When you reach the line that contains "诸老大粽子礼盒诸事杏运中华老", set down that line and every one after it through the end of the records, exactly as written and with no pictures.

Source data
▽

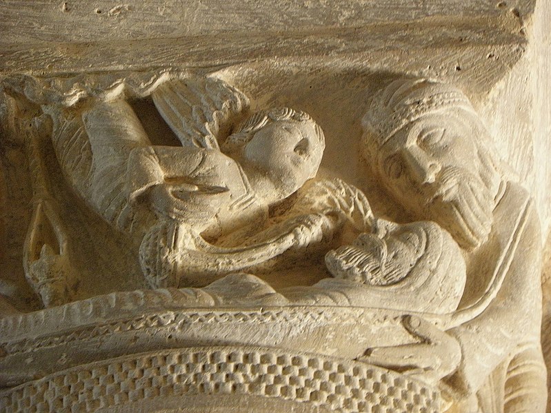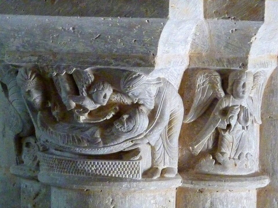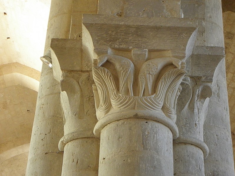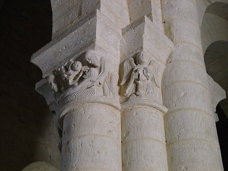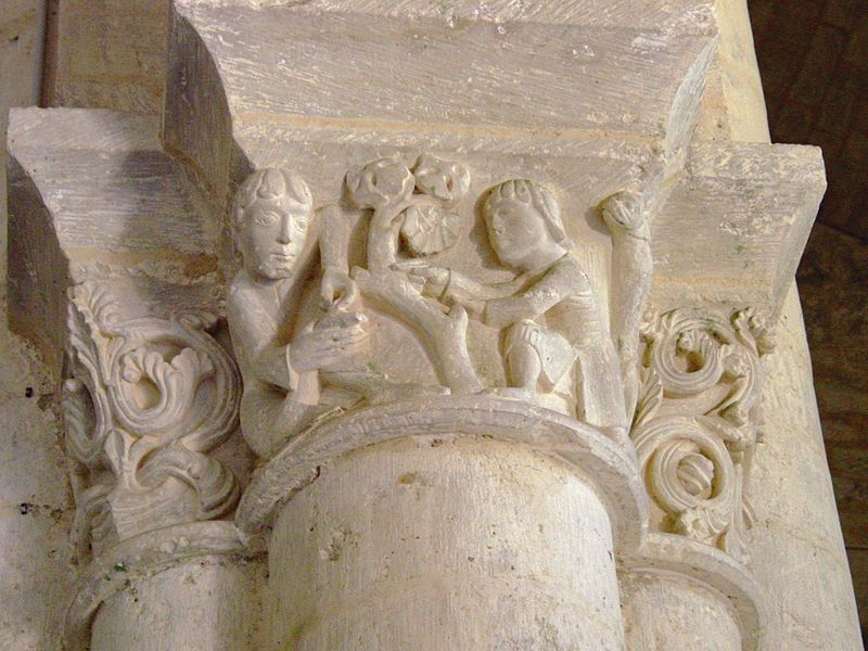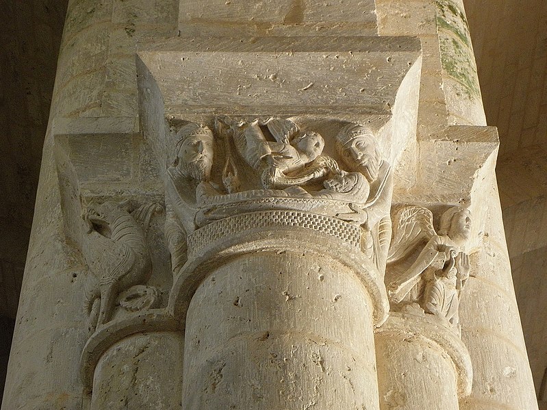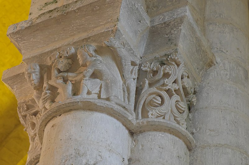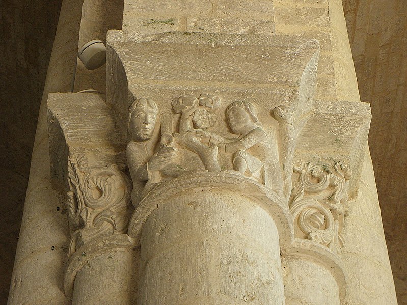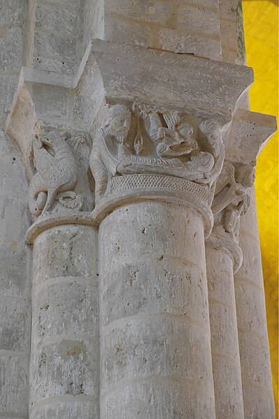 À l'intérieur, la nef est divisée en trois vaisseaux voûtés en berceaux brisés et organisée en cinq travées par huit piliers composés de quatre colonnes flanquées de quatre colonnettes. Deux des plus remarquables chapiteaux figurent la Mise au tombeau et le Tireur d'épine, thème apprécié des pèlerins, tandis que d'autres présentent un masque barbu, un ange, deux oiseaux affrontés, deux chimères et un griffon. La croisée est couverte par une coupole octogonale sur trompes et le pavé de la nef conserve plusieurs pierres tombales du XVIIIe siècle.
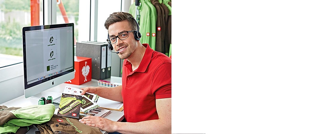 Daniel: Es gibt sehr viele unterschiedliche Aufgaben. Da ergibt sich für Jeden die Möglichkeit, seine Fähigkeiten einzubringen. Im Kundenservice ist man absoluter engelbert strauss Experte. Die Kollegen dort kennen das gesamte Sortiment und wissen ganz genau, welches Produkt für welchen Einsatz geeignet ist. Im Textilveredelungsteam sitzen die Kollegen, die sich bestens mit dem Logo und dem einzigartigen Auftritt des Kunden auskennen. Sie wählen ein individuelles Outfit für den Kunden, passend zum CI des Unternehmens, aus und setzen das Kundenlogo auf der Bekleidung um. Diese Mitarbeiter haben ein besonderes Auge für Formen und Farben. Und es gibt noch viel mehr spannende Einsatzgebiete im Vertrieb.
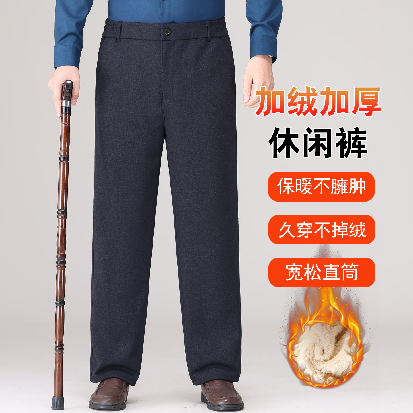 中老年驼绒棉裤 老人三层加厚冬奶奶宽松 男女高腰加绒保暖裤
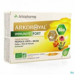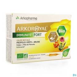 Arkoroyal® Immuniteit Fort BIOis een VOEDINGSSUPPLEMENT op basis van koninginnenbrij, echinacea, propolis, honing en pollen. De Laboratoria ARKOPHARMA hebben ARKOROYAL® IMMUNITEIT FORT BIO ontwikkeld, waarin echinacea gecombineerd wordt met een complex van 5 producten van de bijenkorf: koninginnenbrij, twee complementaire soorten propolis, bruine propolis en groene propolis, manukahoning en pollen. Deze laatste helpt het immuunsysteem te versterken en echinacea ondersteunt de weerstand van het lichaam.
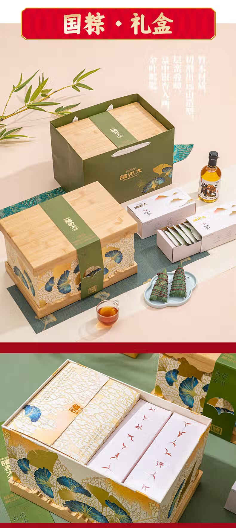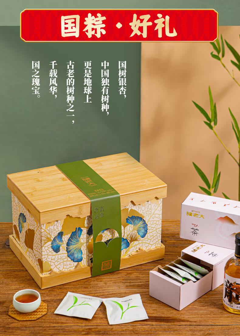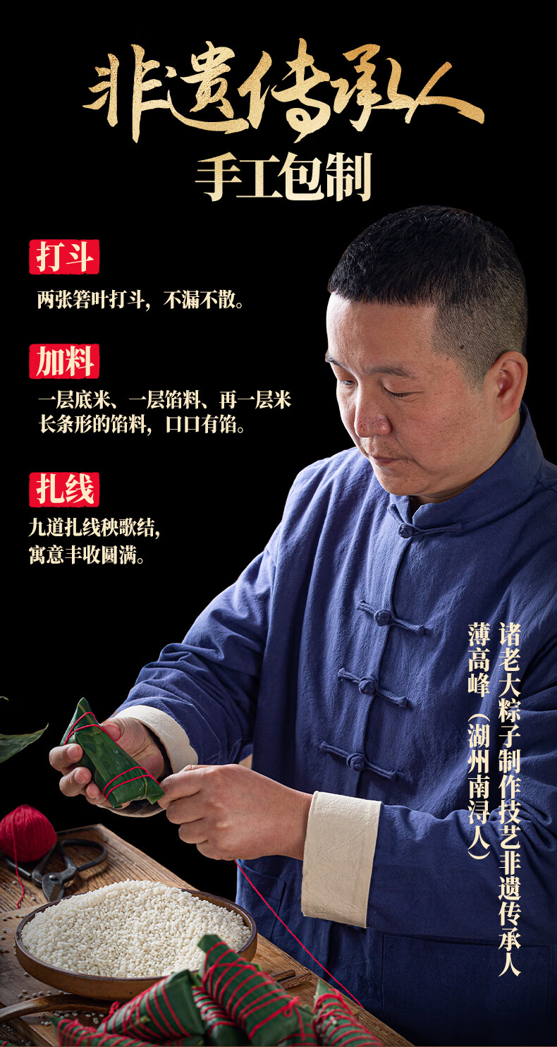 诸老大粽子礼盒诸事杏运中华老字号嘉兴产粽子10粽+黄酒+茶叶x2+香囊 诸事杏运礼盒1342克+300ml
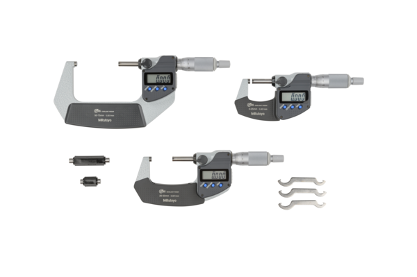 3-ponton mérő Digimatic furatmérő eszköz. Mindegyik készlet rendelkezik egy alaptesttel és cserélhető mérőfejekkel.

△

OUTPUT
 诸老大粽子礼盒诸事杏运中华老字号嘉兴产粽子10粽+黄酒+茶叶x2+香囊 诸事杏运礼盒1342克+300ml
 3-ponton mérő Digimatic furatmérő eszköz. Mindegyik készlet rendelkezik egy alaptesttel és cserélhető mérőfejekkel.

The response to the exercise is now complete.